HUYSE: Omdat ze er geen rekening mee houden dat elke transitie uniek is. Ze eisen dat er meteen met de grote middelen wordt gewerkt. Dat er meteen arrestatiebevelen worden uitgeschreven en dat er een proces op gang komt om zoveel mogelijk mensen te straffen. In zeer veel gevallen kan dat niet. Omdat de politieke situatie te fragiel is. Of omdat de nodige infrastructuur er simpelweg niet meer is. Rechters en advocaten zijn dood, of ze hebben zelf boter op hun hoofd - dat soort praktische bezwaren. In Ethiopië wilde men in 1991, onmiddellijk na de val van dictator Mengistu, meteen met straffen starten. Daar zitten veel mensen al sindsdien in de gevangenis zonder dat hun proces opschiet. Het land kan het niet aan.
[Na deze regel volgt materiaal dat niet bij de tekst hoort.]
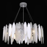 Изысканный и легкий образ светильников LASTRA создается многослойным плафоном из фактурных лепестков из прозрачного и матового стекла. Подвесные люстры двух диаметров имеют 8 и 10 ламп с цоколем Е14, что обеспечивает эффективное освещение пространства. Дополняет коллекцию бра на 2 лампы.

Zoals in Rwanda na de genocide van 1994?

HUYSE: Daar is uitgerekend dat het vonnissen van alle gevangenen met de eigen tribunalen nog driehonderd jaar kan duren. Burundi is in het vredesakkoord van Arusha op aansturen van Nelson Mandela verplicht om een waarheidscommissie naar Zuid-Afrikaans model op te richten. Om dingen te doen die zo'n door en door getekend land nu niet kan opbrengen. Die ngo's hebben veel te weinig aandacht voor het lokale, voor het delicate van veel van die transities. Veel Afrikaanse landen hebben eigen tradities van verzoening, die hen zouden kunnen helpen bij het omgaan met een verleden van schendingen van mensenrechten. Daar ligt een onontgonnen mijn van mogelijkheden.

Bijvoorbeeld?

HUYSE: Noord-Uganda is een mooi voorbeeld. De oorlog is nog niet afgelopen, maar er komen toch al honderden, soms duizenden mensen terug naar hun gemeenschap. Onder hen ook zeer veel kindsoldaten. Je kunt met de re-integratie van die jongeren niet wachten tot er van overheidswege een omvattend beleid is opgezet. Dan kun je beter werken met de rituelen die daar al lang aanwezig zijn om plaatselijke, miniverzoeningen mogelijk te maken.

Mato oput is er zo één: ex-rebellen drinken samen met hun slachtoffers het bittere sap van de bladeren van de oputboom, om de wrangheid van het verleden achter zich te laten. Bij een ander ritueel stappen ze een voor een op een ei en over een bamboetwijg. Het ei is het symbool van het ongeschonden leven, de twijg staat voor een breuk met het verleden. Ik heb daar beelden van gezien. Het lijkt effect te hebben, maar ook daar zegt Amnesty International dat het niet genoeg is. Ik maak me daar grote zorgen over.

Bent u een cultuurrelativist?


© Filip Naudts
HUYSE: U vraagt eigenlijk of de waarden die wij hanteren over de rechten van de mens en zo universele waarde hebben. Het lijkt er nu toch op alsof het Noorden eens te meer over het Zuiden oordeelt? De openbare aanklager van het Internationaal Strafhof heeft nu stappen gezet in de richting van acht landen. Dat zijn toch weer acht Afrikaanse landen. Ze vinden dat zelf een vorm van juridisch kolonialisme.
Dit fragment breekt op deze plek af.